И бросил строгий взгляд на своих подопечных. Те немедленно утихли.
— Можно я? — руку тянул вихрастый парнишка лет четырнадцати из второго ряда. — Видимо, пеленги брались с интервалами по времени, а Марс не стоит на одном месте, движется по своей орбите. Вот и получилось, что все три пересекаются с ней в разных точках!
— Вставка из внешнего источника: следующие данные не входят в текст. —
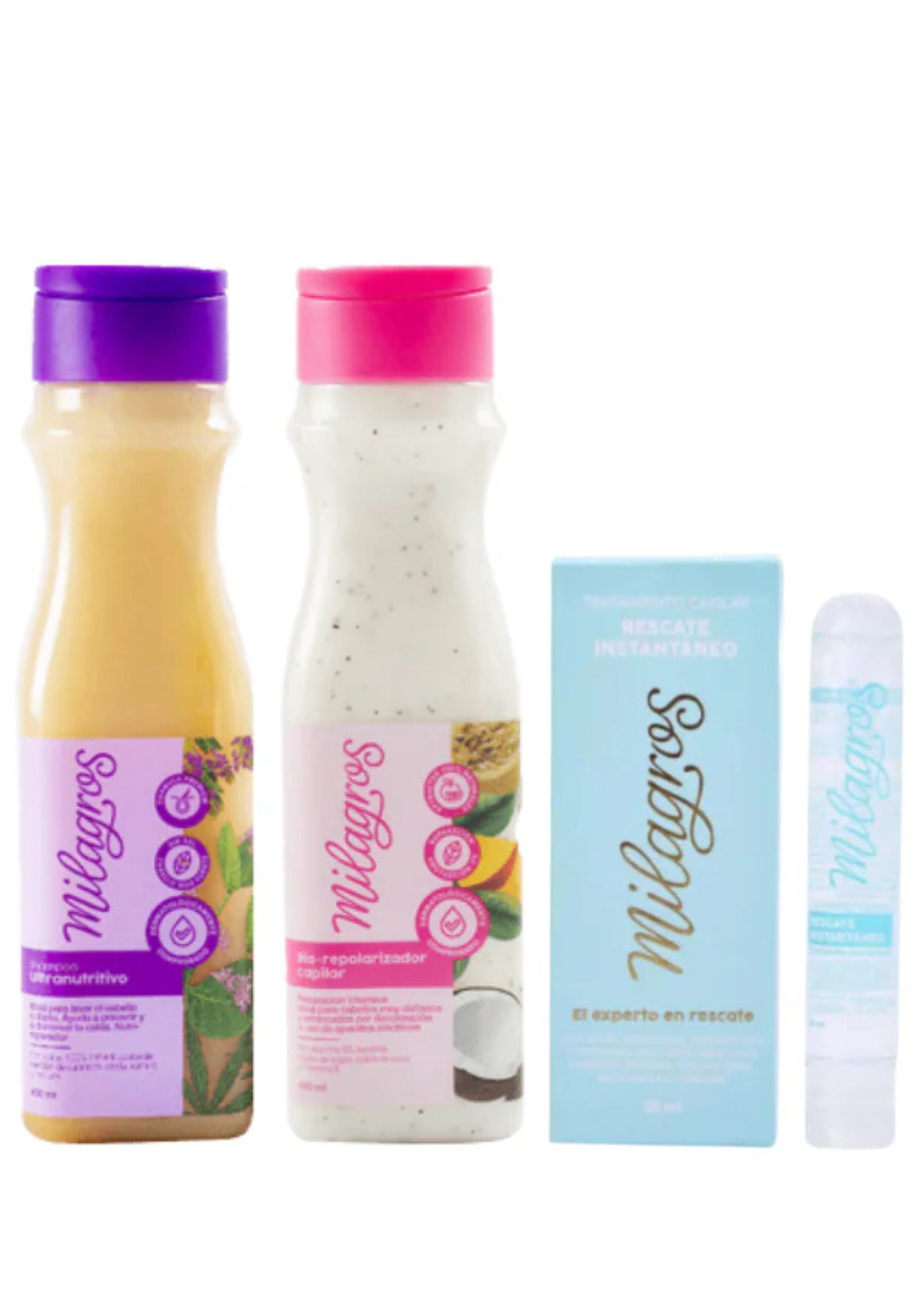 ¿Tu cabello está seco, quebradizo, maltratado o sin vida? El Kit Rescate Milagros ha sido creado especialmente para ti. Este poderoso tratamiento capilar intensivo está formulado para brindar una recuperación profunda y devolverle al cabello todo lo que ha perdido: fuerza, brillo, suavidad y vitalidad.

— Совершенно верно! — Дима улыбнулся. — Во время поисков в «семействе Хильды» пеленги брались с минимальными временными интервалами, а на этот раз между ними по причинам сугубо технического порядка — новые методики, разработанные Леднёвым, и применяющиеся на «Заре», требовали каждый раз заново перенастраивать «батут» и корректировать программу поисков, — походило больше двух недель. Дальнейшее, как вы уже догадались, было делом простейшей геометрии и небесной механики. Оказалось — да, действительно, «теневая червоточина», возникающая в момент пеленгации между «Зарёй» и объектом поисков, с математической точностью указывала на Марс. Сомнений, таким образом, рассеялись — «звёздный обруч» спрятан на Красной планете, и именно там следует его искать. И тут начались новые сложности — такая огромная тяготеющая масса, как планета, делала попытки более точной пеленгации бесполезными, и астрофизикам «Зари» пришлось заново перенастраивать корабельный «батут», чтобы использовать его на манер миноискателя. Теперь планетолёт кружит по орбите Марса, а конус создаваемых его «батутом» колебаний тахионного поля как бы просвечивает поверхность планеты. Дело это небыстрое и не дающее достаточно точных результатов, поэтому работать им приходится в связке с наземными командами — всякий раз, когда на «Заре» получают обнадёживающие данные, те выезжают на место и начинают поиски другими способами — например, при помощи магнитного, ультразвукового или сейсмического зондирования. Леднёв же сейчас на спутнике Марса, Деймосе — там вводят в строй новую тахионную лабораторию, и он руководит всеми работами, попутно координируя действия «Зари» и поисковых групп на планете. На настоящий момент успели проверить около пяти процентов поверхности Марса, и работы продолжаются, не прерываясь ни на час!
— Всего пять процентов?– спросила девочка из первого ряда. В голосе её угадывалось разочарование. — Так мало? Это сколько ещё ждать, когда найдут?..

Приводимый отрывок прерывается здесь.